Please copy only the material from the line that has "Tương tự, các" to the very last line, both ends included, exactly as written and without pictures.

**Provided data:**
--*--

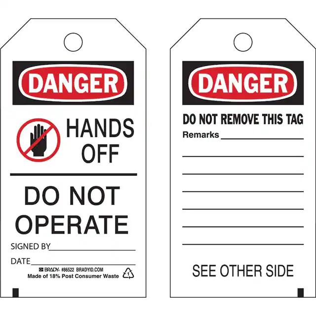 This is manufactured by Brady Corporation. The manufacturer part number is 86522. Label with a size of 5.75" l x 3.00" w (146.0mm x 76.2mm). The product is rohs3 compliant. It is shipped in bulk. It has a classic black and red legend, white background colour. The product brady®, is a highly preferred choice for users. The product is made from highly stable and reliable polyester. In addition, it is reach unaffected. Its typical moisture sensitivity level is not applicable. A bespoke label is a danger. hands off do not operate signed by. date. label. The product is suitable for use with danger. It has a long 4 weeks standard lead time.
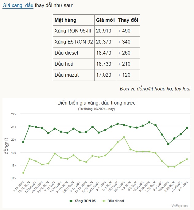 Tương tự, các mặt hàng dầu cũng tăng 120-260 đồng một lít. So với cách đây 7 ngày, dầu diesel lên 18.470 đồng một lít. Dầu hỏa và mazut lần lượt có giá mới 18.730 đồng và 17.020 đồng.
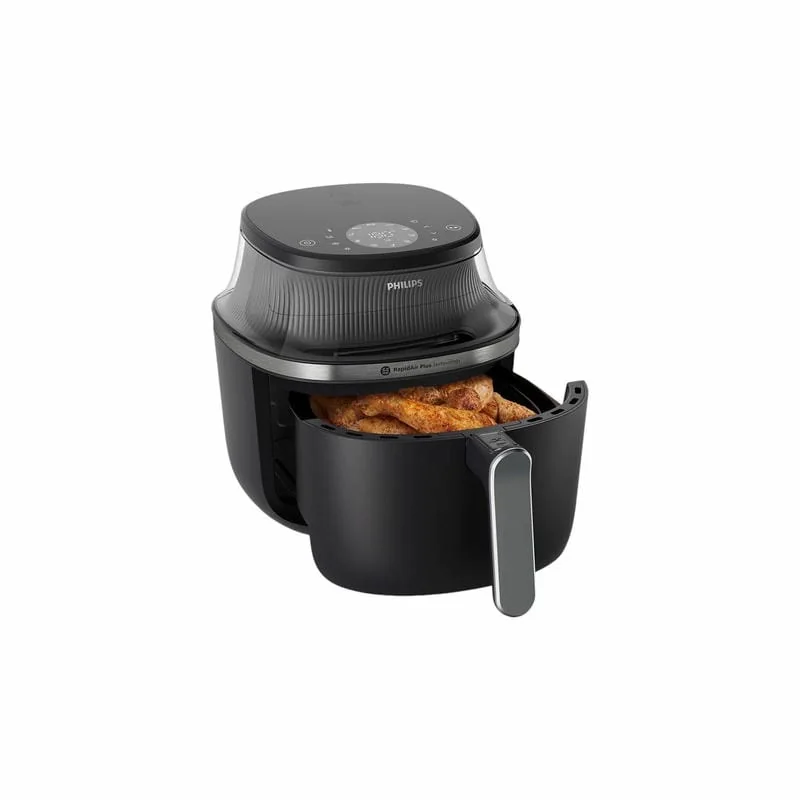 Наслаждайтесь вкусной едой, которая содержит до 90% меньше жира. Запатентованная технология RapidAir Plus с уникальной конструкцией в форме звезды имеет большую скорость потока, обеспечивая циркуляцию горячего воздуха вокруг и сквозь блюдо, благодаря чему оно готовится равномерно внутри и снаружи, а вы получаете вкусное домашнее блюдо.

--*--

**Exercise response:**
 Tương tự, các mặt hàng dầu cũng tăng 120-260 đồng một lít. So với cách đây 7 ngày, dầu diesel lên 18.470 đồng một lít. Dầu hỏa và mazut lần lượt có giá mới 18.730 đồng và 17.020 đồng.
 Наслаждайтесь вкусной едой, которая содержит до 90% меньше жира. Запатентованная технология RapidAir Plus с уникальной конструкцией в форме звезды имеет большую скорость потока, обеспечивая циркуляцию горячего воздуха вокруг и сквозь блюдо, благодаря чему оно готовится равномерно внутри и снаружи, а вы получаете вкусное домашнее блюдо.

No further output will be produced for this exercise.